- **WHAT NEEDS TO BE DONE**
Starting at the line with "Anonymous (625-641), Pana, copper" and ending at the line with "A pair of Victorian", print exactly the lines of the entries below. Pictures do not belong in the copy.

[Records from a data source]

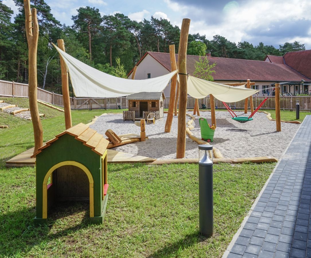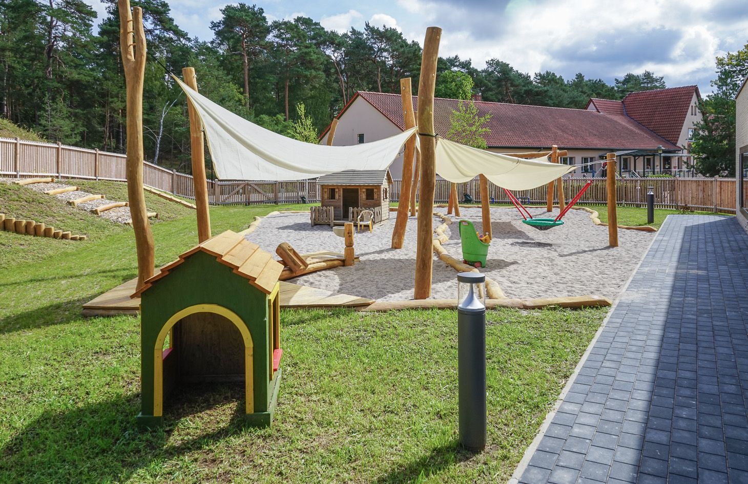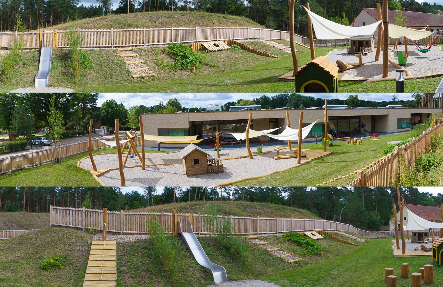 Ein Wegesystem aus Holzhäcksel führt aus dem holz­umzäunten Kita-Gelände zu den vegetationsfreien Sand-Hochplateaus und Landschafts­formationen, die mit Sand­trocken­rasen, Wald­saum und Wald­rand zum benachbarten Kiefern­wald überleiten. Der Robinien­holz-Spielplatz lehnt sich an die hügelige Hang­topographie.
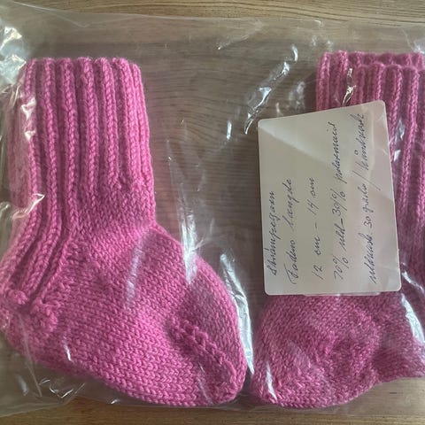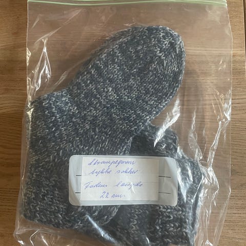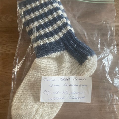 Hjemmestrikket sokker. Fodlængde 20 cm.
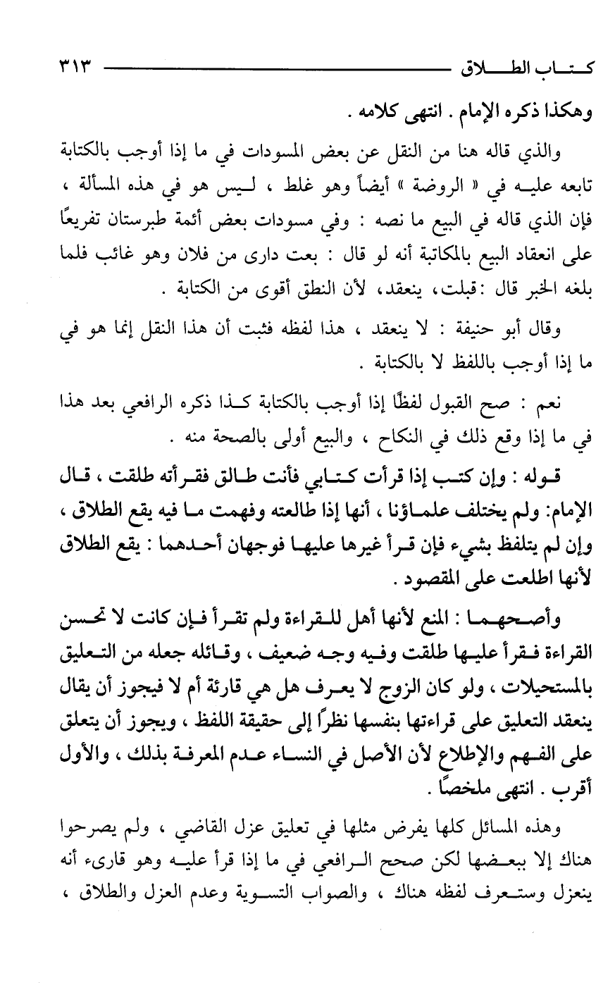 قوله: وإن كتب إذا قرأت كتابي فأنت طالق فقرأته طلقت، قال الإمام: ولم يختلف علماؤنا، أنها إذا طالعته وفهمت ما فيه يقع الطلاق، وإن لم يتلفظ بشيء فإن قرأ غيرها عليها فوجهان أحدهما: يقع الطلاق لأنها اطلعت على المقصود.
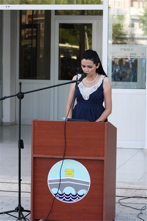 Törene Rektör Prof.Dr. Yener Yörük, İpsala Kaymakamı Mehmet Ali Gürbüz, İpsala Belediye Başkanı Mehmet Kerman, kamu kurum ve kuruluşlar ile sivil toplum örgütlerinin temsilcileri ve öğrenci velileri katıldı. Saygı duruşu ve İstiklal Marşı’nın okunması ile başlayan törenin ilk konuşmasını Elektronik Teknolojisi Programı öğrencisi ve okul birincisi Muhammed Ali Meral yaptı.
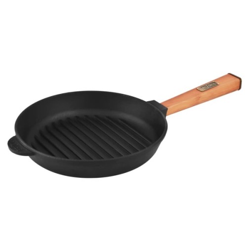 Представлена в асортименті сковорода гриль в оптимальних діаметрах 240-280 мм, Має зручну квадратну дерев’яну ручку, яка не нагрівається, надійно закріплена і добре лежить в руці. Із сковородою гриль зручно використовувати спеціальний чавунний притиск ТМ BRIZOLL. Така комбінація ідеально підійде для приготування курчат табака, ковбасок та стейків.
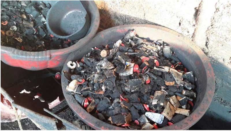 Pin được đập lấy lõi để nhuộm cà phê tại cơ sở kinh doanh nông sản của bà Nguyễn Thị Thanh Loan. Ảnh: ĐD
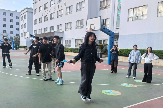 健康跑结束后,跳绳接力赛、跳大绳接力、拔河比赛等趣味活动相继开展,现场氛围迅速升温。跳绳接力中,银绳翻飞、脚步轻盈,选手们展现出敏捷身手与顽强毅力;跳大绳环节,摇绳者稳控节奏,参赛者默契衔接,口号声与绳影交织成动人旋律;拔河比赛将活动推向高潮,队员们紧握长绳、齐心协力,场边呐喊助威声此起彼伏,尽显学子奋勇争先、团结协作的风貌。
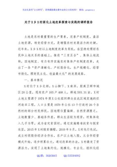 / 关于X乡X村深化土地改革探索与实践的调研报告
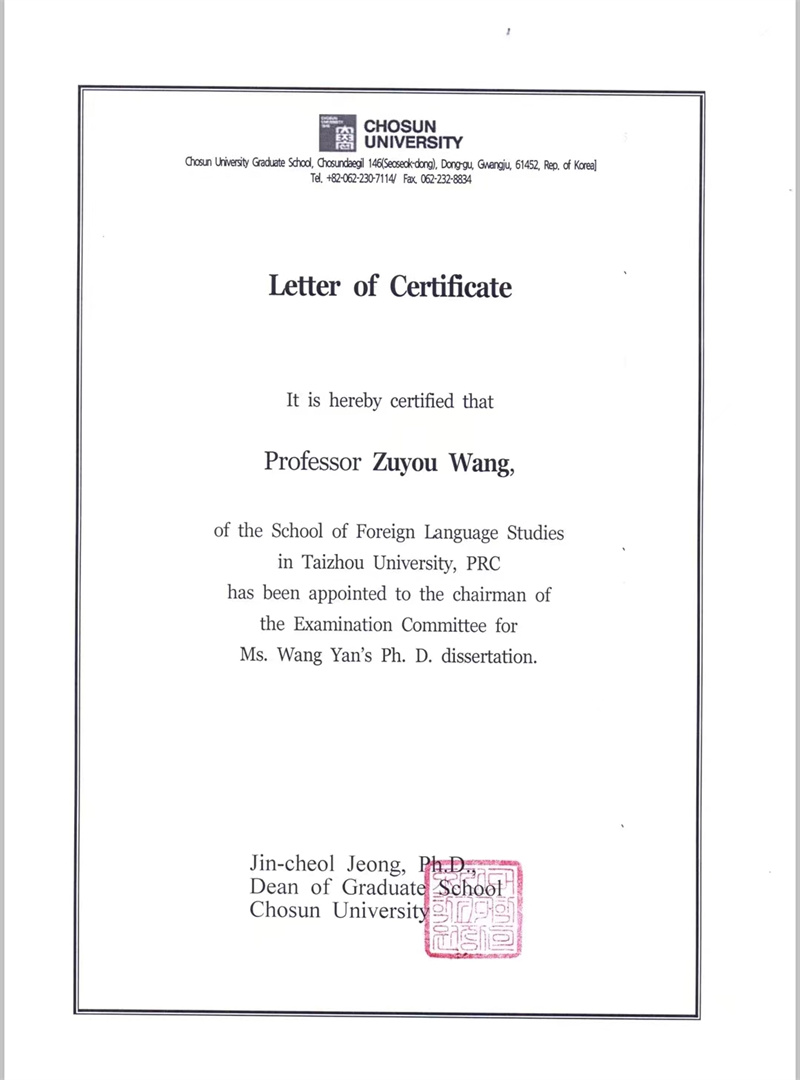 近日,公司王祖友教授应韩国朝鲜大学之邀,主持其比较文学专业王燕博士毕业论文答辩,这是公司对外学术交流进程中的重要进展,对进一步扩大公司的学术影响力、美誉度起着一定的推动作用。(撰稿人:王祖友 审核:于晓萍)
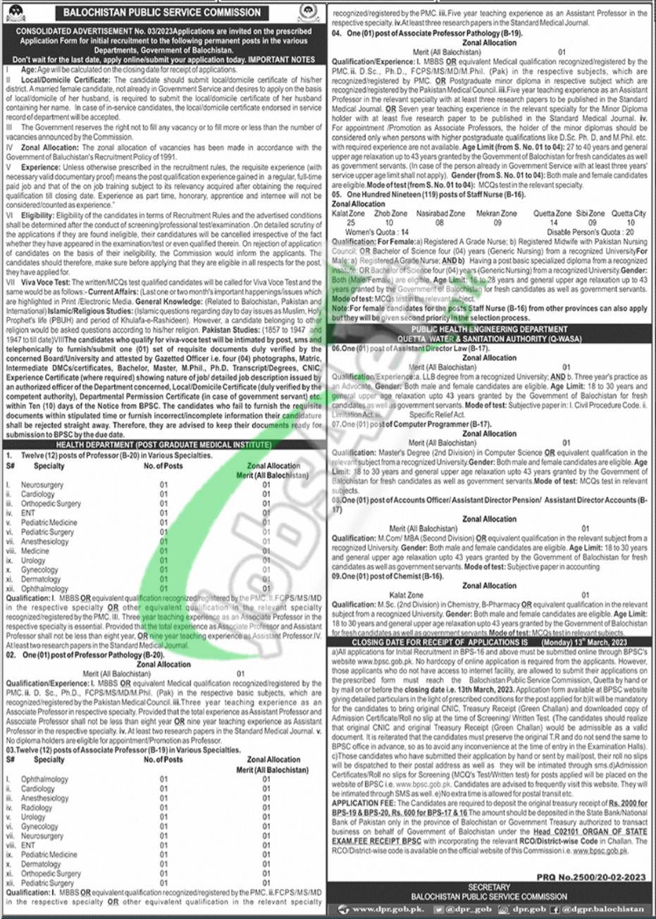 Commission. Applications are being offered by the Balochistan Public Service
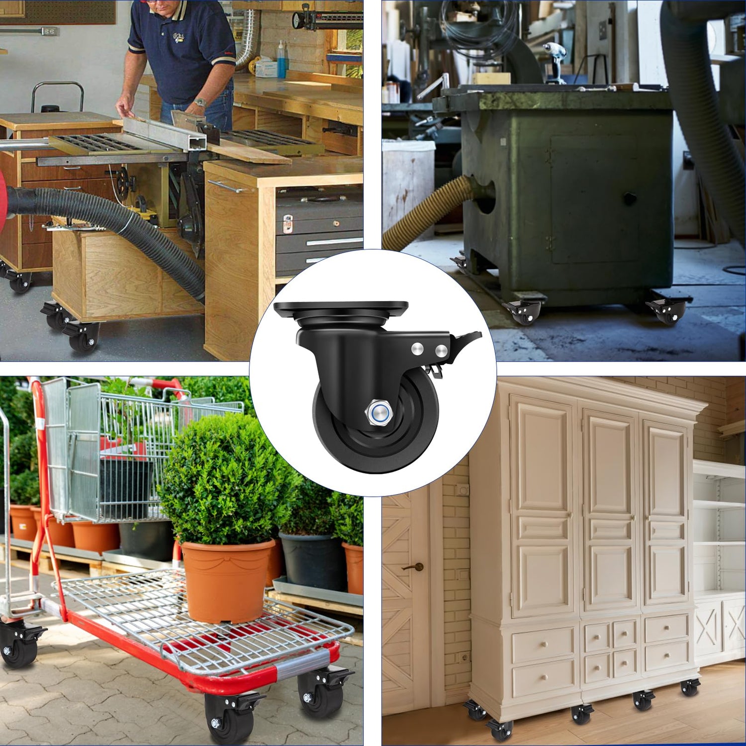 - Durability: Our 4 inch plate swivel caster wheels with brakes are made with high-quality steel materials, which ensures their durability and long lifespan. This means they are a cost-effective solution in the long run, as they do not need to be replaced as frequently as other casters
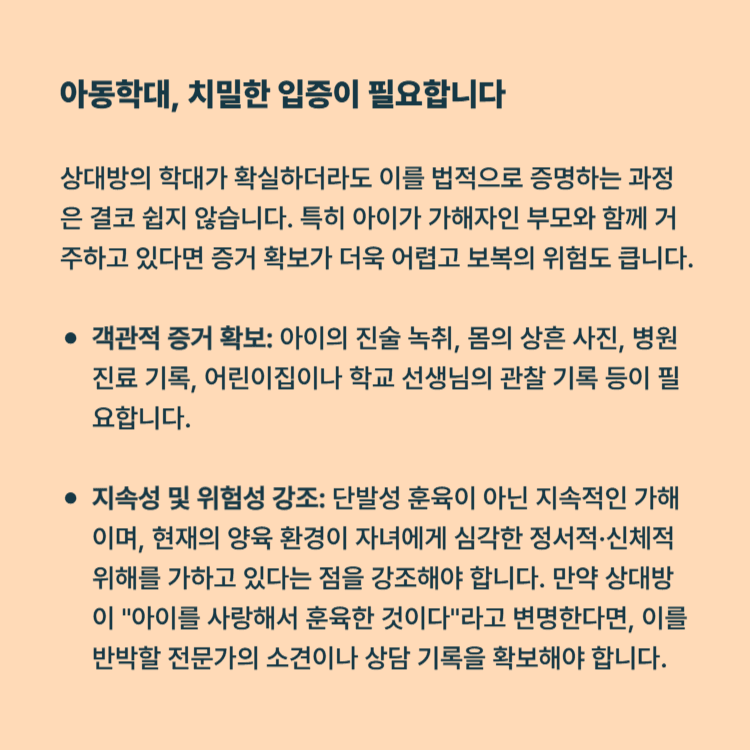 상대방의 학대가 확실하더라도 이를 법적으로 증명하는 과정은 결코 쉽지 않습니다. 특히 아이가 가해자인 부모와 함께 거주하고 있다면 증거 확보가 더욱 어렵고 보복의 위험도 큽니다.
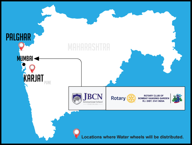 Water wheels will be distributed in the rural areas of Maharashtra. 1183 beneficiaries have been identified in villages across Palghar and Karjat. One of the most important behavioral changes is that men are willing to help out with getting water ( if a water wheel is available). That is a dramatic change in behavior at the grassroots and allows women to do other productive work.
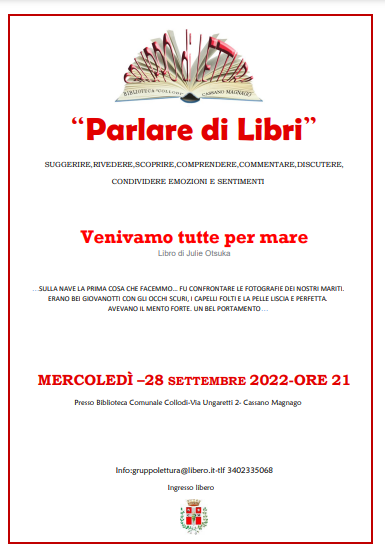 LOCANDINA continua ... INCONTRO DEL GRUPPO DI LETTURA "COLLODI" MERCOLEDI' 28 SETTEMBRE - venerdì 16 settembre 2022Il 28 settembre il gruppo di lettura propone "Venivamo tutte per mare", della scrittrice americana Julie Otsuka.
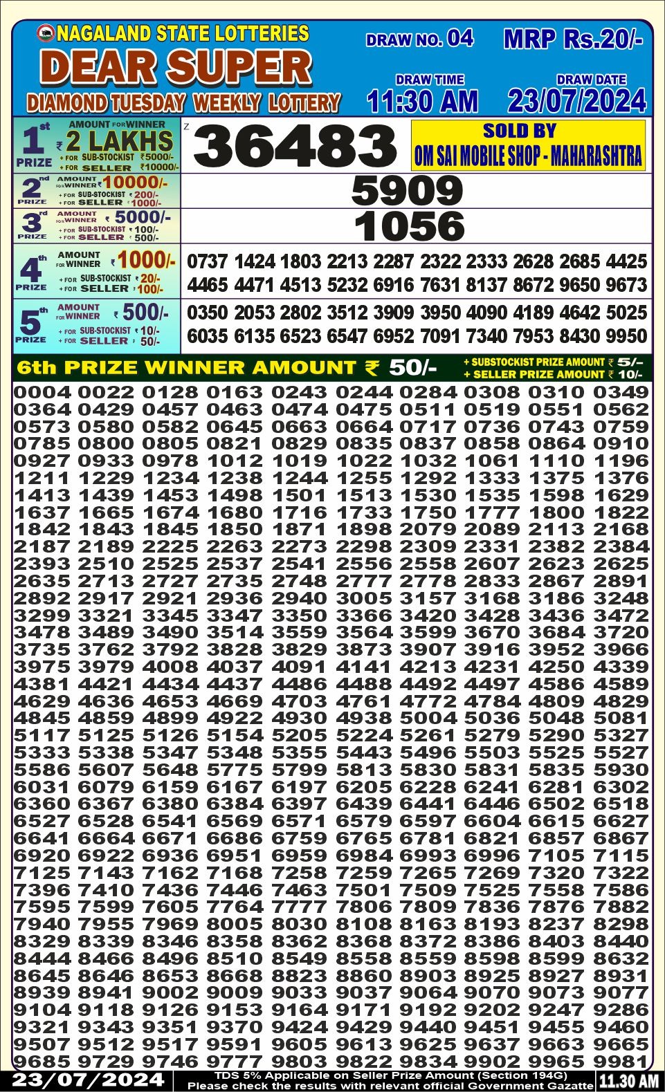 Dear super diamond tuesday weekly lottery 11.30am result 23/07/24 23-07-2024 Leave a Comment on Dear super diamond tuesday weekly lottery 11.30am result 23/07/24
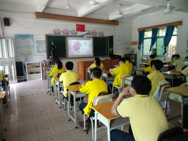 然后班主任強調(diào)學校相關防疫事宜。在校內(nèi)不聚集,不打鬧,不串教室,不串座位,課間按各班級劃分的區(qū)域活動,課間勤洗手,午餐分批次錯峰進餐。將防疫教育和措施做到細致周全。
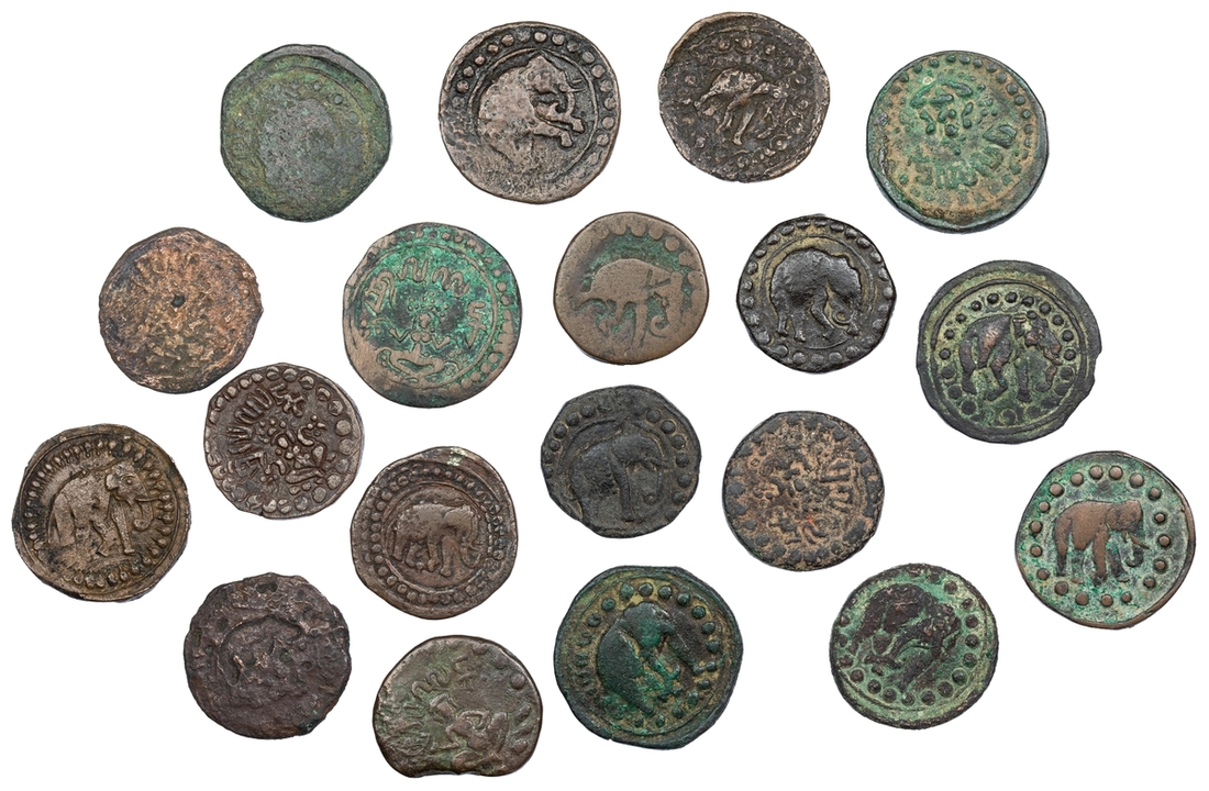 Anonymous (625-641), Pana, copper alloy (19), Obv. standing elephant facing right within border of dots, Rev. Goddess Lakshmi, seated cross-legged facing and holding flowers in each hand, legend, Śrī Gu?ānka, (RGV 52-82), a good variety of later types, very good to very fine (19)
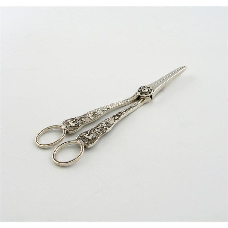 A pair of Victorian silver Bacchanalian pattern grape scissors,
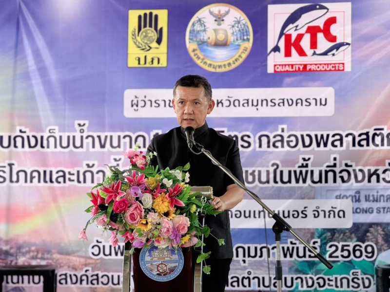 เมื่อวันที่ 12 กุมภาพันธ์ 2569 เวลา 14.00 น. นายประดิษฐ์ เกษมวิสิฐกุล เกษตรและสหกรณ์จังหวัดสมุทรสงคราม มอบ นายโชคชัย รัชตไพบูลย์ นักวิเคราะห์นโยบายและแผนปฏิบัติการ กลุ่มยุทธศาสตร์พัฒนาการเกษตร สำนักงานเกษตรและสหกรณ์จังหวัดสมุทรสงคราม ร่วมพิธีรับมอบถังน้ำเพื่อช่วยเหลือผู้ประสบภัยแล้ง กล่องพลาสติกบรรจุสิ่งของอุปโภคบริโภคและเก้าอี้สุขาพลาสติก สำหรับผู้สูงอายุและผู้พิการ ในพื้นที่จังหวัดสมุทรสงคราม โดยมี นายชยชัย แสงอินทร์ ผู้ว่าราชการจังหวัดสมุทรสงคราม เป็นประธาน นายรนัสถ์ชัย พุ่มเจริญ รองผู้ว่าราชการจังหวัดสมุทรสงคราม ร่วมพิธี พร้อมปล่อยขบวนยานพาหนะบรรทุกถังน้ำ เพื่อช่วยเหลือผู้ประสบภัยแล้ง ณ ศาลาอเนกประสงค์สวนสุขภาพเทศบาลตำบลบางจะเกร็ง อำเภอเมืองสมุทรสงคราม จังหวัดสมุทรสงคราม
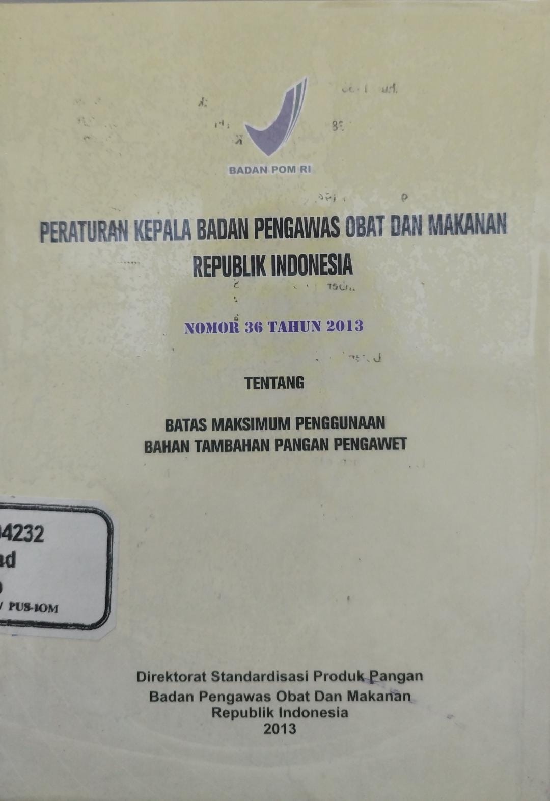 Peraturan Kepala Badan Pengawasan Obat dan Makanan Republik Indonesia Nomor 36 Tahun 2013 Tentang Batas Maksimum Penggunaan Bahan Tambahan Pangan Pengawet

- **OUTPUT BELOW**
 Anonymous (625-641), Pana, copper alloy (19), Obv. standing elephant facing right within border of dots, Rev. Goddess Lakshmi, seated cross-legged facing and holding flowers in each hand, legend, Śrī Gu?ānka, (RGV 52-82), a good variety of later types, very good to very fine (19)
 A pair of Victorian silver Bacchanalian pattern grape scissors,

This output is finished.